While many IPOs do historically “pop” on their first day of trading, IPOs are just like any other stock and their share price can rise or fall depending on market expectations. If the IPO is priced too high when the stock goes public, early investors will look to unload their shares and the stock price may fall.
Investing in an IPO can be exciting and potentially quite profitable. It’s enjoyable to invest in a company that you’ve been following as a customer or a casual fan.
IPOs do tend to “pop” on opening day, but typically it’s company insiders and institutional investors who benefit the most from the initial price of the IPO.

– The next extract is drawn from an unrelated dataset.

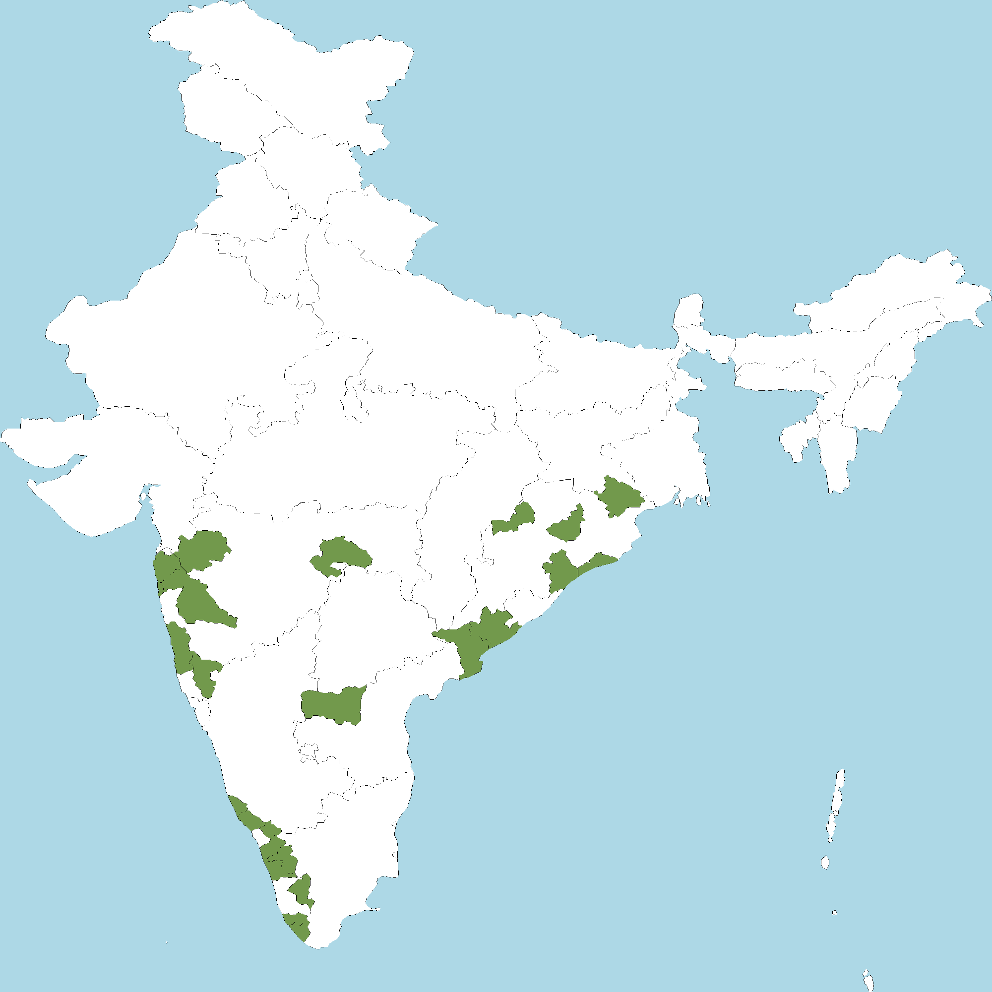 - Kerala : Kasaragod district, Kannur district, Wayanad district, Malappuram district, Palakkad district, Thrissur district, Idukki district, Kollam district, Thiruvananthapuram district

However, everyday investors can invest in IPOs using a discount brokerage. Questrade allows clients to invest early in Canadian equity IPOs, and trade U.S. IPOs on opening day. Wealthsimple Trade doesn’t allow for direct (early) participation in a company’s IPO, but clients can trade most Canadian and U.S. IPOs on opening day.
Beware of highly volatile price movements on IPO stocks, especially on the first day of trading. Only invest money that you can afford to lose – generally no more than 5% of your portfolio.